[Input data — start]

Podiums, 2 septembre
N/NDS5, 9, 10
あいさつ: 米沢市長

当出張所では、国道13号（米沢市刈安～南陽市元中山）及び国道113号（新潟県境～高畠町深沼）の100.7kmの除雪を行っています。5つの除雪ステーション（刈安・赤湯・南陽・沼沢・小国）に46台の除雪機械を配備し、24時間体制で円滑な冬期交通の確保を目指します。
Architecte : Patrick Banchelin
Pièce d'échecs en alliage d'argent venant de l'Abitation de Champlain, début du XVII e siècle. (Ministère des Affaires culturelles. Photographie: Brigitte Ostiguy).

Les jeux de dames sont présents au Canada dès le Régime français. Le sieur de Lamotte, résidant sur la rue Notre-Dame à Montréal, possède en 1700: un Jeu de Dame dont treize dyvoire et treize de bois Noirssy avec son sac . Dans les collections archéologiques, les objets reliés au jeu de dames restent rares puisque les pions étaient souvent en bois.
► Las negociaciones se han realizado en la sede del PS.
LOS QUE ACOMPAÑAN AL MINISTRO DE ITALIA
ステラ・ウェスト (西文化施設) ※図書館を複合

[Input data — finish]
[Input data — start]

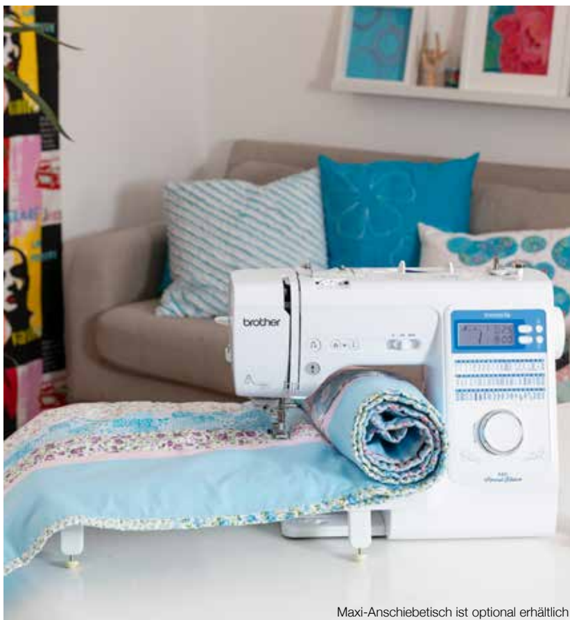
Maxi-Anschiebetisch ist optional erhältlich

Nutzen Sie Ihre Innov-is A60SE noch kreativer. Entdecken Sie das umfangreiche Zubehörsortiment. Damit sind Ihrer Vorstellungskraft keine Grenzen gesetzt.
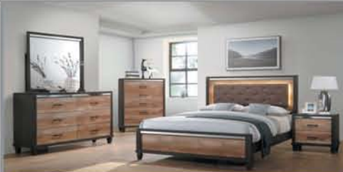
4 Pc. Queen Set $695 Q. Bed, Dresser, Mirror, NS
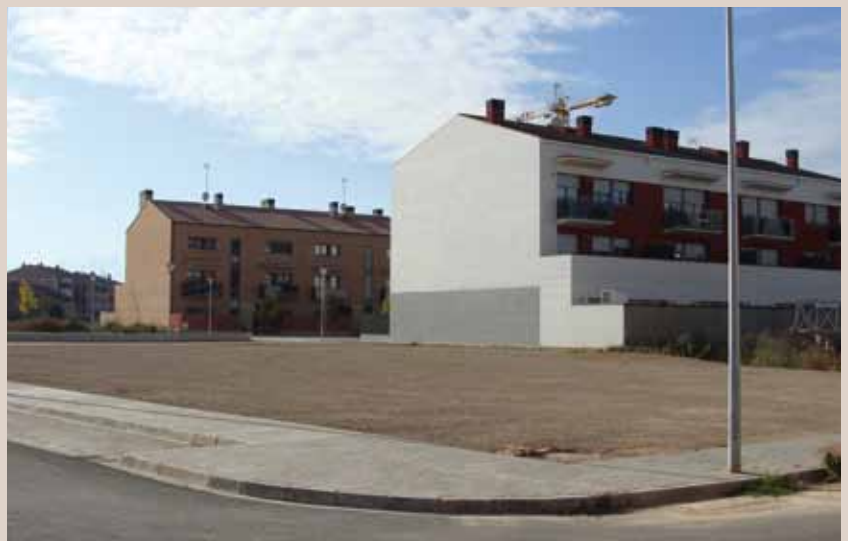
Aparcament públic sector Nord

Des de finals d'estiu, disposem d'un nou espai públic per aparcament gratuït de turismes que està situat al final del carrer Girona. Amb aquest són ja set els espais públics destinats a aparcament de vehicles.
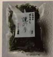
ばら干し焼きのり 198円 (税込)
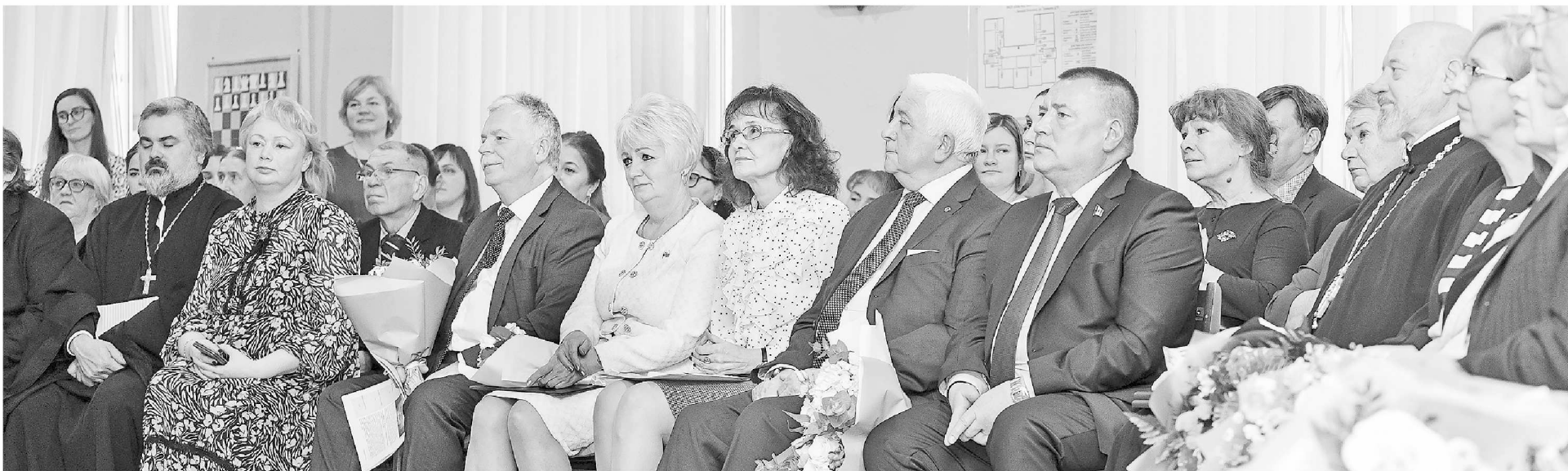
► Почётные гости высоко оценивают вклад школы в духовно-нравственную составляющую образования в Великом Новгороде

[Input data — finish]

Required work — Report every line above that has the string "públic" in it.

Task response —
Aparcament públic sector Nord
Des de finals d'estiu, disposem d'un nou espai públic per aparcament gratuït de turismes que està situat al final del carrer Girona. Amb aquest són ja set els espais públics destinats a aparcament de vehicles.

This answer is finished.